• **What to produce**
Copy exactly the lines of the data below that run from the line holding "Photograph 7: Overview" through the line holding "Figure 20. The", both ends included.

*** Block opens ***

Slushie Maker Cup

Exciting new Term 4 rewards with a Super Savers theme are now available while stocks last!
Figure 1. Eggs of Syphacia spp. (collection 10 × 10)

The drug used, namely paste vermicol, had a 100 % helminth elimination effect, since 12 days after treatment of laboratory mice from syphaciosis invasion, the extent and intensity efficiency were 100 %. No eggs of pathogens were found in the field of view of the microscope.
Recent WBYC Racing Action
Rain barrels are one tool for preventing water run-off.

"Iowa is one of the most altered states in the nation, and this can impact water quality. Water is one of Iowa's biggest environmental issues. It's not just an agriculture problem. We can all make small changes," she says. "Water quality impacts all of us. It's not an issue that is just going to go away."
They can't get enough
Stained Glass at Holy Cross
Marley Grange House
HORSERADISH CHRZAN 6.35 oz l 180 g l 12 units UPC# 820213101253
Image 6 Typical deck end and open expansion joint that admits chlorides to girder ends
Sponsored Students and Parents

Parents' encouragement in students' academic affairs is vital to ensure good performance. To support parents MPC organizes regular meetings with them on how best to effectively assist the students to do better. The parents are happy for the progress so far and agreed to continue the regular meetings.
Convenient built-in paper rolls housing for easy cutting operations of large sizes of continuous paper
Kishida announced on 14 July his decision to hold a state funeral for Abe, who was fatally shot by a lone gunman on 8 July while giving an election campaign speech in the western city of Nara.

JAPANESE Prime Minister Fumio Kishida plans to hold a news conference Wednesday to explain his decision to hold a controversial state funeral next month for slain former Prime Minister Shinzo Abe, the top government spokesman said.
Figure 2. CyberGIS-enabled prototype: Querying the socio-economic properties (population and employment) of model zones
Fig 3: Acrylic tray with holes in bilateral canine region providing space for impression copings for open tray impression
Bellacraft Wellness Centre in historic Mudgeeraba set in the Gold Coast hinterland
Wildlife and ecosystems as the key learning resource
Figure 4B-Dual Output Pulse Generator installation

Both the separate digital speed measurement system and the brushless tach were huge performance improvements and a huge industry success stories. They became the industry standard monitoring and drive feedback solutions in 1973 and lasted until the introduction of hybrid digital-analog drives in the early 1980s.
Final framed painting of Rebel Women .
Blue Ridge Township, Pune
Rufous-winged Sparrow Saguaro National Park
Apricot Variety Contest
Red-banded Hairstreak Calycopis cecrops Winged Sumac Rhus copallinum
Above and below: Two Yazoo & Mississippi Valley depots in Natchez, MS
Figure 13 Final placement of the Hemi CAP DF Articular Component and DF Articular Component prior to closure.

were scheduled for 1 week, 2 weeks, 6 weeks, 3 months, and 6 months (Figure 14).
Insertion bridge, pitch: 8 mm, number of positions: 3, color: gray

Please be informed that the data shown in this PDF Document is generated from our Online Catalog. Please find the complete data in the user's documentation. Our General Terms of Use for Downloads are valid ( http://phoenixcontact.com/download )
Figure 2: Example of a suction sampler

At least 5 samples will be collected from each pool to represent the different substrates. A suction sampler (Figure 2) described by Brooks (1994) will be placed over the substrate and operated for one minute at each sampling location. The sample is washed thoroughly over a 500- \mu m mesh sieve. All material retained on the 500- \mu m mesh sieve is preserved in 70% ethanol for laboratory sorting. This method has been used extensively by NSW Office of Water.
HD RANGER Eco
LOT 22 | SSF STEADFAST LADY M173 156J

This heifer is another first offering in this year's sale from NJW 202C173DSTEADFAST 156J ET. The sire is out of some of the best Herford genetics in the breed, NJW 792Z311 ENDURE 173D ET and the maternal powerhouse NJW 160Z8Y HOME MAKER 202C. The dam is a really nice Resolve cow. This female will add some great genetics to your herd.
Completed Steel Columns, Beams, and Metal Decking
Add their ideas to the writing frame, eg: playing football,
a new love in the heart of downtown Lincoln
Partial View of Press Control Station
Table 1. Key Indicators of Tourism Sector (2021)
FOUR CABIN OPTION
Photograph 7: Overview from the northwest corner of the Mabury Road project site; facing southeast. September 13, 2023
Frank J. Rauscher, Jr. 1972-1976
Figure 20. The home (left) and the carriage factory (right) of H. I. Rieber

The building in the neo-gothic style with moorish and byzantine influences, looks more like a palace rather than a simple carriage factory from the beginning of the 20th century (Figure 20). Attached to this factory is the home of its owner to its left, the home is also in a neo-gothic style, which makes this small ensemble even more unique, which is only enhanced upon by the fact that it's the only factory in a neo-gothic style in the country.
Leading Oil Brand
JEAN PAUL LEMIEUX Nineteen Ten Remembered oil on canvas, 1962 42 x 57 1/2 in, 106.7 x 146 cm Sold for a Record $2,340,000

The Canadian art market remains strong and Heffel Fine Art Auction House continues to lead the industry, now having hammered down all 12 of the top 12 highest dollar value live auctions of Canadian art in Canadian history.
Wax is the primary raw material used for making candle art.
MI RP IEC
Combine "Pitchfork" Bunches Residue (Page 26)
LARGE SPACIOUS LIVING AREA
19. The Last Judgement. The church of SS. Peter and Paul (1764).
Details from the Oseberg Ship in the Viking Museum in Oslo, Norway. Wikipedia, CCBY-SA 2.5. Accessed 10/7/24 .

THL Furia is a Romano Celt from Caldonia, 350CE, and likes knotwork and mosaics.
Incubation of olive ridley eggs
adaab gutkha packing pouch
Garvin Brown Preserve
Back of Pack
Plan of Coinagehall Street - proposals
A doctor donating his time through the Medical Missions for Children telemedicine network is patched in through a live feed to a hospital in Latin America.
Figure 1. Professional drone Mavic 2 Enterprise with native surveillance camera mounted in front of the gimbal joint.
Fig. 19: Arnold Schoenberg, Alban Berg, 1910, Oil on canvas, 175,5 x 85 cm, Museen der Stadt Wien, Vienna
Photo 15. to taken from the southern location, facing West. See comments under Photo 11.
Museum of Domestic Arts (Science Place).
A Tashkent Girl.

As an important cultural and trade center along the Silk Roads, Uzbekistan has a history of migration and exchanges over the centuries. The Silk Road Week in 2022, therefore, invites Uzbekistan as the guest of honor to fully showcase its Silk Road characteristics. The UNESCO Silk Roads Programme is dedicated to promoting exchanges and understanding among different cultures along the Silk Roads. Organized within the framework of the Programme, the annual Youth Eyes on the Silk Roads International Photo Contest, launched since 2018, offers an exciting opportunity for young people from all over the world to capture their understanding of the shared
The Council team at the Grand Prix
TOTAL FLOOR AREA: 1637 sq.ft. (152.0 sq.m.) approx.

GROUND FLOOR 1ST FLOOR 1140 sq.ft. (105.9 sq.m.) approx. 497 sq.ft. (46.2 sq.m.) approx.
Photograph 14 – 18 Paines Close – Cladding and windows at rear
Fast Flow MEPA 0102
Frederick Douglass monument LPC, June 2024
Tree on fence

*** Block closes ***

• **Exercise solution**
Photograph 7: Overview from the northwest corner of the Mabury Road project site; facing southeast. September 13, 2023
Frank J. Rauscher, Jr. 1972-1976
Figure 20. The home (left) and the carriage factory (right) of H. I. Rieber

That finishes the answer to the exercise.